Vaccinieae is a morphologically diverse and species-rich (~1440 species) tribe in Ericaceae, itself a clade of ~4600 species. Although the majority of diversity is tropical, Vaccinieae are best known for temperate crops (i.e., blueberries, cranberries, huckleberries, lingonberries) in Vaccinium. Vaccinium itself (~500 species) has been previously suggested as highly polyphyletic, and taxonomic boundaries among many of the other genera in the tribe remain uncertain. We assessed the evolutionary history of Vaccinieae with phylogenomic analyses based on a target-enrichment dataset containing 353 low-copy nuclear gene regions and over 200 taxa representing 30 of the 34 genera in the tribe, and 25 of the 29 sections of Vaccinium. A plastome dataset for a subset of these taxa was additionally constructed. We conducted time-calibrated biogeographic analyses and diversification analyses to explore the area of origin and global dispersal history of the tribe. The analysis recovered a temperate North American origin for Vaccinieae approximately 30 million years ago. Tropical diversity of Vaccinieae was inferred to result from multiple, independent movements into the tropics from north-temperate ancestors. Diversification rate increases corresponded to radiation into the Andes and SE Asia. The pseudo-10-locular ovary evolved once in the tribe from the five-locular state, coinciding with the diversification of a major clade that includes most Asian Vaccinium and the group from which commercial blueberries are derived (V. sect. Cyanococcus). A reconstruction from available chromosome counts suggests that a major polyploid event predated the evolution of nearly half the diversity of Vaccinieae. The extent of polyphyly in Vaccinium documented here supports the need for a generic reclassification of the tribe.

DNA sequence data were derived from three sources. The DNA of most samples was extracted from herbarium specimens with the SLIMS method, a system connecting sampling and wet lab methodology (Folk et al., 2021). Specimens were sampled from the following herbaria (acronyms as in Thiers, updated continuously): FLAS, K, MICH, MO, and NY. Some DNAs (those from PWF) were from silica gel-dried leaf material. The DNA of these samples was extracted with DNeasy®. We quantified DNA amounts of these samples using a Qubit 2.0 fluorometer (Invitrogen, Carlsbad, California, USA) with the Qubit dsDNA Broad Range Assay Kit as per manufacturer recommendations. Finally, some sequence data were downloaded from the Kew DNA Bank.

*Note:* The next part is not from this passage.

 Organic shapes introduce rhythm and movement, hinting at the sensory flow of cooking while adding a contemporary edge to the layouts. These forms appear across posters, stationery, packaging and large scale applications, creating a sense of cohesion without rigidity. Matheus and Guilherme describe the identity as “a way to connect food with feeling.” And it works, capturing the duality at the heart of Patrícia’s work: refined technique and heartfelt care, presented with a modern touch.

Library preparation and target capture were performed at Rapid Genomics (Gainesville, FL, USA) with the Angiosperms353 v1 target capture kit (Johnson et al., 2019) to obtain 353 putatively single-copy nuclear loci from each sample. DNA sequencing was conducted on Illumina sequencing machines (Illumina, San Diego, California, USA) predominantly with 2x150-base pair (bp) chemistry, or occasionally 2x250-bp. Additionally, a plastome dataset was assembled from genome-skimming reads from non-enriched libraries.

For the nuclear loci, raw sequence data were filtered and adapters removed with Cutadapt v2.6 (Martin, 2011) and FastQC v.0.11.9 (Andrews, 2010), with a phred quality score cutoff of 20 (-q 20). Reads were assembled with HybPiper v1.3.1 (Johnson et al., 2016) under default settings. In addition to the standard Angiosperms353 targets, we included available Ericales sequences in the target reference file using the mega353 approach (McLay et al., 2021). Resulting supercontig sequences (introns and exons) were used for subsequent analyses. Putative paralogs were flagged with the paralog_investigator.py script in HybPiper. All flagged loci were removed from the dataset.

For the plastome dataset, we constructed a target file from available Ericales sequences for 79 protein-coding plastid loci as reference. HybPiper was run as above to extract and assemble the dataset.

Individual gene alignments (371 initial samples), a concatenated alignment for the nuclear data, and a concatenated single alignment for the plastome data were constructed with MAFFT v7.245 (Katoh et al., 2013). To reduce potential issues with missing data and poorly aligned regions, we removed columns from the individual gene alignments containing > 50% missing data and samples containing > 90% missing data in the concatenated datasets. These quality filtering steps resulted in a final nuclear dataset of 260 samples and 122 samples in the plastome dataset (Supplementary Table S2).